## WORK REQUEST
Return the whole listing unchanged. Drop the images.

## MATERIAL PROVIDED
★ ★ ★ ★ ★

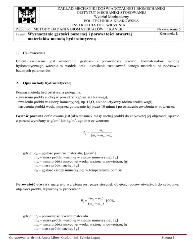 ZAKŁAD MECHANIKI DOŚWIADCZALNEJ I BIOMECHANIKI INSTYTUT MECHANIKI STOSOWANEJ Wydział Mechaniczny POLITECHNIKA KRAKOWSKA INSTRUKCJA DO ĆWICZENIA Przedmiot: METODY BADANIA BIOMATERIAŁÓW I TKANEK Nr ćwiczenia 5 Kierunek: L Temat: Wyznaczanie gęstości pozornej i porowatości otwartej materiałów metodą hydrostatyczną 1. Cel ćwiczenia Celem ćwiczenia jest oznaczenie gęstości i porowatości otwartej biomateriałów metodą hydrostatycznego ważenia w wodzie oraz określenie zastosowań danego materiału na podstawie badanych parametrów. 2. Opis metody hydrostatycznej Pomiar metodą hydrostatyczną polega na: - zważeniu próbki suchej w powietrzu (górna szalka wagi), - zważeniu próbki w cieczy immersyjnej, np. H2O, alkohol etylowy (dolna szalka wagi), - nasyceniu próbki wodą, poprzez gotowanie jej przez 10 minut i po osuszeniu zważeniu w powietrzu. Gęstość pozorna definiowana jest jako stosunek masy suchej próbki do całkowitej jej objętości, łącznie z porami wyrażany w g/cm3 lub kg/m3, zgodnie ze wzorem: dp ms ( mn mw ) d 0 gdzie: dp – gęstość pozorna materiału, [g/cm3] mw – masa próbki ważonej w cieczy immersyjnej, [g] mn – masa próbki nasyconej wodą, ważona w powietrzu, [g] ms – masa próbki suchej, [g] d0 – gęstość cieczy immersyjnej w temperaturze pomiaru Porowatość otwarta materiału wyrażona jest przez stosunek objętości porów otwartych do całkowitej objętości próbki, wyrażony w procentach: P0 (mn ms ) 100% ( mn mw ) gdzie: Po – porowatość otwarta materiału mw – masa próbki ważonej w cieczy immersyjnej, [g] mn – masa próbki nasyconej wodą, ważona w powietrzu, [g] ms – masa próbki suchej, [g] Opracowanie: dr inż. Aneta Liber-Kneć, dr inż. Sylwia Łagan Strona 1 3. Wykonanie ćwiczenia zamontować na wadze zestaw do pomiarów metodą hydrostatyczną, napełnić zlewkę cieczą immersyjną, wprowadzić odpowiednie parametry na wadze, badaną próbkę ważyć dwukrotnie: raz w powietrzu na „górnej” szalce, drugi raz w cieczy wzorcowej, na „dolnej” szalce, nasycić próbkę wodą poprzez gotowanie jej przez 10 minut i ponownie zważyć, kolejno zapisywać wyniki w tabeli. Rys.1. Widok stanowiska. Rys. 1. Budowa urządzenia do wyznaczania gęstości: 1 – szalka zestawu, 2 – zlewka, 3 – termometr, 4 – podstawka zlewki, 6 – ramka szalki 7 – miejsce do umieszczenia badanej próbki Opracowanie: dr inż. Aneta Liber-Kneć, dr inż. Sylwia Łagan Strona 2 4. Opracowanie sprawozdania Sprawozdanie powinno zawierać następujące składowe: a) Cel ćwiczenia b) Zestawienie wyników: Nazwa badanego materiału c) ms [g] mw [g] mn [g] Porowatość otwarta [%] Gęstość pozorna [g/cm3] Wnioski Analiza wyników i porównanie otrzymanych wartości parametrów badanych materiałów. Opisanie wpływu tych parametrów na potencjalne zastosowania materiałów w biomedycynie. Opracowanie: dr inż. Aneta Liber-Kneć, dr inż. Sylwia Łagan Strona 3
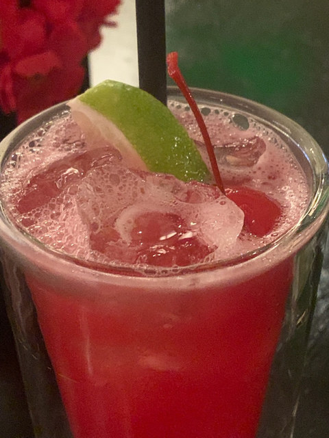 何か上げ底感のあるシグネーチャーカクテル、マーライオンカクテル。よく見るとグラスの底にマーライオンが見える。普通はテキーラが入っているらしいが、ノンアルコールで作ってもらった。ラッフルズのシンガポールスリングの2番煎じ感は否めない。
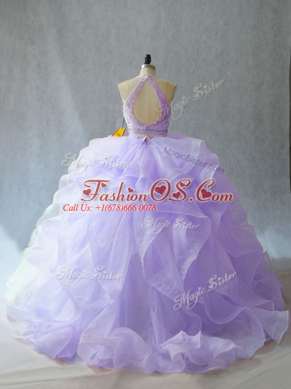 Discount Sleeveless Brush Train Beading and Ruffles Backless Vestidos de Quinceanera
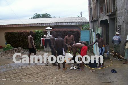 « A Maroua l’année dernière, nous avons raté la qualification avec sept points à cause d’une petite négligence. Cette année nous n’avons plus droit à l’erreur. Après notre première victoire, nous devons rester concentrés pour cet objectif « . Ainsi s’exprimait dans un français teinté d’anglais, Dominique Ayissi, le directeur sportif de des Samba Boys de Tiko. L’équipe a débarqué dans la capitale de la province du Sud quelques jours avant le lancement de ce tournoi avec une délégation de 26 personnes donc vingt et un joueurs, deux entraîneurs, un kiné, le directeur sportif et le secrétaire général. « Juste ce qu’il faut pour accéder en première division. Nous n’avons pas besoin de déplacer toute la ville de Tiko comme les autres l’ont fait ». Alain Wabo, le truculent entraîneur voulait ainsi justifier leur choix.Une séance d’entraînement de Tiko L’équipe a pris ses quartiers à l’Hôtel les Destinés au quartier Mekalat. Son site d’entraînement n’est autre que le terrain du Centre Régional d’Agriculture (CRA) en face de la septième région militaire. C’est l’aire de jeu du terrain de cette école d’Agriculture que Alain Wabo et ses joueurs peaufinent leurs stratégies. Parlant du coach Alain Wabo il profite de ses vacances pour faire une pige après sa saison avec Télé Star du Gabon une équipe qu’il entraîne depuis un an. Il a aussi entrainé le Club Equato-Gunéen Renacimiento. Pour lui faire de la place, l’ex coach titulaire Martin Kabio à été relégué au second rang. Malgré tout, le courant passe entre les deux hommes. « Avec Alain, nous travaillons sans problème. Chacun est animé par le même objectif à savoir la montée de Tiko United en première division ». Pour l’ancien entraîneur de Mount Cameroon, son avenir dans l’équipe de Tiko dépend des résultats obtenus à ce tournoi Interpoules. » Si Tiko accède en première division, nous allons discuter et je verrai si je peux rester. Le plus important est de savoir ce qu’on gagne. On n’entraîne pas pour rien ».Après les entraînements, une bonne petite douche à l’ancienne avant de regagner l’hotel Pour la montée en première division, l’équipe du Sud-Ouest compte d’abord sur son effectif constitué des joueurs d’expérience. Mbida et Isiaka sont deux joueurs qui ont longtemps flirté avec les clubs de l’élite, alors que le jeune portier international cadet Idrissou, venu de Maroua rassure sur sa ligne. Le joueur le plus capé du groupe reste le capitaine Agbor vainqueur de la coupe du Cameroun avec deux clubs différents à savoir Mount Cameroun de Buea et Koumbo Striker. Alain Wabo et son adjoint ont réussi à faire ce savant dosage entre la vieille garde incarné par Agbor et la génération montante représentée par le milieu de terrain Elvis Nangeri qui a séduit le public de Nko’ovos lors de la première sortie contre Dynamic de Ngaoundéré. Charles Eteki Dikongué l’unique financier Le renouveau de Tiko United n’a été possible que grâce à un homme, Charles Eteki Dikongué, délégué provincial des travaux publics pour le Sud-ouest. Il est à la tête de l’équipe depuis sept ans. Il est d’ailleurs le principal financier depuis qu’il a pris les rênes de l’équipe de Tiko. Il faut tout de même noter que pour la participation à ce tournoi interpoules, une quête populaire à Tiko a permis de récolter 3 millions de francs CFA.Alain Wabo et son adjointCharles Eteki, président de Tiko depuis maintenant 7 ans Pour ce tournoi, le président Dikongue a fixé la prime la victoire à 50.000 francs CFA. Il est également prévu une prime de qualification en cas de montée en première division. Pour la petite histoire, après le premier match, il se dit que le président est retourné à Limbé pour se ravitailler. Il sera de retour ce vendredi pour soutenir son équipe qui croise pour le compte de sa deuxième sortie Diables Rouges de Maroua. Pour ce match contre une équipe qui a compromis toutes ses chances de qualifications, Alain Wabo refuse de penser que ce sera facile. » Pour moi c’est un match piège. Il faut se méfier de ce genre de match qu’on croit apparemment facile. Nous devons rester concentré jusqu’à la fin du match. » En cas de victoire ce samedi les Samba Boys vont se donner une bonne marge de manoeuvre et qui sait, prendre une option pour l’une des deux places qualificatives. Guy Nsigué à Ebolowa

★ ★ ★ ★ ★

## EXERCISE OUTPUT
 ZAKŁAD MECHANIKI DOŚWIADCZALNEJ I BIOMECHANIKI INSTYTUT MECHANIKI STOSOWANEJ Wydział Mechaniczny POLITECHNIKA KRAKOWSKA INSTRUKCJA DO ĆWICZENIA Przedmiot: METODY BADANIA BIOMATERIAŁÓW I TKANEK Nr ćwiczenia 5 Kierunek: L Temat: Wyznaczanie gęstości pozornej i porowatości otwartej materiałów metodą hydrostatyczną 1. Cel ćwiczenia Celem ćwiczenia jest oznaczenie gęstości i porowatości otwartej biomateriałów metodą hydrostatycznego ważenia w wodzie oraz określenie zastosowań danego materiału na podstawie badanych parametrów. 2. Opis metody hydrostatycznej Pomiar metodą hydrostatyczną polega na: - zważeniu próbki suchej w powietrzu (górna szalka wagi), - zważeniu próbki w cieczy immersyjnej, np. H2O, alkohol etylowy (dolna szalka wagi), - nasyceniu próbki wodą, poprzez gotowanie jej przez 10 minut i po osuszeniu zważeniu w powietrzu. Gęstość pozorna definiowana jest jako stosunek masy suchej próbki do całkowitej jej objętości, łącznie z porami wyrażany w g/cm3 lub kg/m3, zgodnie ze wzorem: dp ms ( mn mw ) d 0 gdzie: dp – gęstość pozorna materiału, [g/cm3] mw – masa próbki ważonej w cieczy immersyjnej, [g] mn – masa próbki nasyconej wodą, ważona w powietrzu, [g] ms – masa próbki suchej, [g] d0 – gęstość cieczy immersyjnej w temperaturze pomiaru Porowatość otwarta materiału wyrażona jest przez stosunek objętości porów otwartych do całkowitej objętości próbki, wyrażony w procentach: P0 (mn ms ) 100% ( mn mw ) gdzie: Po – porowatość otwarta materiału mw – masa próbki ważonej w cieczy immersyjnej, [g] mn – masa próbki nasyconej wodą, ważona w powietrzu, [g] ms – masa próbki suchej, [g] Opracowanie: dr inż. Aneta Liber-Kneć, dr inż. Sylwia Łagan Strona 1 3. Wykonanie ćwiczenia zamontować na wadze zestaw do pomiarów metodą hydrostatyczną, napełnić zlewkę cieczą immersyjną, wprowadzić odpowiednie parametry na wadze, badaną próbkę ważyć dwukrotnie: raz w powietrzu na „górnej” szalce, drugi raz w cieczy wzorcowej, na „dolnej” szalce, nasycić próbkę wodą poprzez gotowanie jej przez 10 minut i ponownie zważyć, kolejno zapisywać wyniki w tabeli. Rys.1. Widok stanowiska. Rys. 1. Budowa urządzenia do wyznaczania gęstości: 1 – szalka zestawu, 2 – zlewka, 3 – termometr, 4 – podstawka zlewki, 6 – ramka szalki 7 – miejsce do umieszczenia badanej próbki Opracowanie: dr inż. Aneta Liber-Kneć, dr inż. Sylwia Łagan Strona 2 4. Opracowanie sprawozdania Sprawozdanie powinno zawierać następujące składowe: a) Cel ćwiczenia b) Zestawienie wyników: Nazwa badanego materiału c) ms [g] mw [g] mn [g] Porowatość otwarta [%] Gęstość pozorna [g/cm3] Wnioski Analiza wyników i porównanie otrzymanych wartości parametrów badanych materiałów. Opisanie wpływu tych parametrów na potencjalne zastosowania materiałów w biomedycynie. Opracowanie: dr inż. Aneta Liber-Kneć, dr inż. Sylwia Łagan Strona 3
 何か上げ底感のあるシグネーチャーカクテル、マーライオンカクテル。よく見るとグラスの底にマーライオンが見える。普通はテキーラが入っているらしいが、ノンアルコールで作ってもらった。ラッフルズのシンガポールスリングの2番煎じ感は否めない。
 Discount Sleeveless Brush Train Beading and Ruffles Backless Vestidos de Quinceanera
 « A Maroua l’année dernière, nous avons raté la qualification avec sept points à cause d’une petite négligence. Cette année nous n’avons plus droit à l’erreur. Après notre première victoire, nous devons rester concentrés pour cet objectif « . Ainsi s’exprimait dans un français teinté d’anglais, Dominique Ayissi, le directeur sportif de des Samba Boys de Tiko. L’équipe a débarqué dans la capitale de la province du Sud quelques jours avant le lancement de ce tournoi avec une délégation de 26 personnes donc vingt et un joueurs, deux entraîneurs, un kiné, le directeur sportif et le secrétaire général. « Juste ce qu’il faut pour accéder en première division. Nous n’avons pas besoin de déplacer toute la ville de Tiko comme les autres l’ont fait ». Alain Wabo, le truculent entraîneur voulait ainsi justifier leur choix.Une séance d’entraînement de Tiko L’équipe a pris ses quartiers à l’Hôtel les Destinés au quartier Mekalat. Son site d’entraînement n’est autre que le terrain du Centre Régional d’Agriculture (CRA) en face de la septième région militaire. C’est l’aire de jeu du terrain de cette école d’Agriculture que Alain Wabo et ses joueurs peaufinent leurs stratégies. Parlant du coach Alain Wabo il profite de ses vacances pour faire une pige après sa saison avec Télé Star du Gabon une équipe qu’il entraîne depuis un an. Il a aussi entrainé le Club Equato-Gunéen Renacimiento. Pour lui faire de la place, l’ex coach titulaire Martin Kabio à été relégué au second rang. Malgré tout, le courant passe entre les deux hommes. « Avec Alain, nous travaillons sans problème. Chacun est animé par le même objectif à savoir la montée de Tiko United en première division ». Pour l’ancien entraîneur de Mount Cameroon, son avenir dans l’équipe de Tiko dépend des résultats obtenus à ce tournoi Interpoules. » Si Tiko accède en première division, nous allons discuter et je verrai si je peux rester. Le plus important est de savoir ce qu’on gagne. On n’entraîne pas pour rien ».Après les entraînements, une bonne petite douche à l’ancienne avant de regagner l’hotel Pour la montée en première division, l’équipe du Sud-Ouest compte d’abord sur son effectif constitué des joueurs d’expérience. Mbida et Isiaka sont deux joueurs qui ont longtemps flirté avec les clubs de l’élite, alors que le jeune portier international cadet Idrissou, venu de Maroua rassure sur sa ligne. Le joueur le plus capé du groupe reste le capitaine Agbor vainqueur de la coupe du Cameroun avec deux clubs différents à savoir Mount Cameroun de Buea et Koumbo Striker. Alain Wabo et son adjoint ont réussi à faire ce savant dosage entre la vieille garde incarné par Agbor et la génération montante représentée par le milieu de terrain Elvis Nangeri qui a séduit le public de Nko’ovos lors de la première sortie contre Dynamic de Ngaoundéré. Charles Eteki Dikongué l’unique financier Le renouveau de Tiko United n’a été possible que grâce à un homme, Charles Eteki Dikongué, délégué provincial des travaux publics pour le Sud-ouest. Il est à la tête de l’équipe depuis sept ans. Il est d’ailleurs le principal financier depuis qu’il a pris les rênes de l’équipe de Tiko. Il faut tout de même noter que pour la participation à ce tournoi interpoules, une quête populaire à Tiko a permis de récolter 3 millions de francs CFA.Alain Wabo et son adjointCharles Eteki, président de Tiko depuis maintenant 7 ans Pour ce tournoi, le président Dikongue a fixé la prime la victoire à 50.000 francs CFA. Il est également prévu une prime de qualification en cas de montée en première division. Pour la petite histoire, après le premier match, il se dit que le président est retourné à Limbé pour se ravitailler. Il sera de retour ce vendredi pour soutenir son équipe qui croise pour le compte de sa deuxième sortie Diables Rouges de Maroua. Pour ce match contre une équipe qui a compromis toutes ses chances de qualifications, Alain Wabo refuse de penser que ce sera facile. » Pour moi c’est un match piège. Il faut se méfier de ce genre de match qu’on croit apparemment facile. Nous devons rester concentré jusqu’à la fin du match. » En cas de victoire ce samedi les Samba Boys vont se donner une bonne marge de manoeuvre et qui sait, prendre une option pour l’une des deux places qualificatives. Guy Nsigué à Ebolowa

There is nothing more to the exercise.